Courtesy of TerraCycle
Sustainable Profits
The challenges of a waste-recycling business.
In a venture-backed company like TerraCycle, there is an explicit expectation of aggressive revenue growth. So far, we have succeeded on that front, growing to more than $16 million in projected annual revenue this year — with a 103-percent yearly compounded growth rate since our inception. While this has put us on the Inc. 500 list, it hasn’t always synched with that other very important line on our profit-and-loss statement: the profit.
Until 2008 the more we grew the more money we lost. In fact, 2010 was the first year we produced a profit, a modest one at that. The question we have long faced is, should we invest as much as possible in revenue growth and merely demonstrate profitability? Or should we slow down and de-emphasize revenue growth in favor of profit growth? This question is top of mind because there has been consistent debate among our investors, those that favor a short-term earlier exit versus those that are going for the big, long-term payoff. Me? I’m here for the long term.
When a business is large, mature and public, an emphasis on short-term profits may make sense and may be demanded by the public markets. That said, there is merit to the criticism that public companies are so focused on the next quarterly report that they often feel pressured not to make the strategic investments that would lead to longer term growth because they can’t afford to disappoint large blocks of impatient investors.
In the case of a small, private business — particularly one, like TerraCycle, that has significant growth potential and limited competition — the emphasis on short-term profits seems counter-productive. In these circumstances, I believe the priority should be running a tight ship and investing every spare dollar above some minimum threshold of profit into growth. I understand the need to ensure that the business model is viable and sustainable, but beyond that, I think growth should be the priority.

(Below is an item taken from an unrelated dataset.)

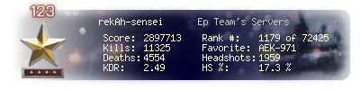 | Kills | 11325 | Deaths | 4554 | Kill / Death | 2.49 |

Which brings up a larger question. One of the great things about public markets is that they allow investors to come and go freely, depending on their objectives and their belief in a company’s trajectory. For investors in a private company, an initial public offering can offer liquidity and an exit with a nice upside. It can also provide the company with access to capital markets. But we all know there are downsides to going public. If you don’t need capital to build your business or if you can find other ways (besides debt) to get that capital, and if you could otherwise provide an acceptable exit for investors who are ready to move on, wouldn’t staying private be the preferred option?
I’ve been giving this matter a lot of thought. Many companies I have admired — Stonyfield, Ben Jerry’s, Tom’s of Maine and Honest Tea, have sold to multinationals (all of which happen to be clients of TerraCycle). Investment banks call us regularly, suggesting it’s only a matter of time before we sell, too. The alternative might be an I.P.O., and the banks all suggest they have teams to assist us with that eventuality. Of course, if TerraCycle generates large enough profits, it could offer to redeem shares of investors who want to exit, but that would run against our strategy of prioritizing our resources for growth. And if the profits are that strong, wouldn’t the amount demanded by investors also grow -– making buying them out with profits more difficult?
While this debate has gone on for years, we have seen the possibility of a middle path open up. Recently, a Brazilian investment group bought a minority interest in our Brazilian subsidiary. The group not only brought capital, but through their resources has been able to fuel our Brazilian operation with faster growth. Better yet, we can use the proceeds of this sale to bring liquidity to our investors in the parent company. This approach, should we choose to roll it out more broadly, might be a way for a relatively small company to develop strong local partnerships to turbo charge activities in foreign operations, while also creating cash to let earlier investors in the parent company exit. That would allow the company to remain private, independent and focused on growth.
So far, it seems like both our short-term and long-term investors like this approach.
Tom Szaky is the chief executive of TerraCycle, which is based in Trenton.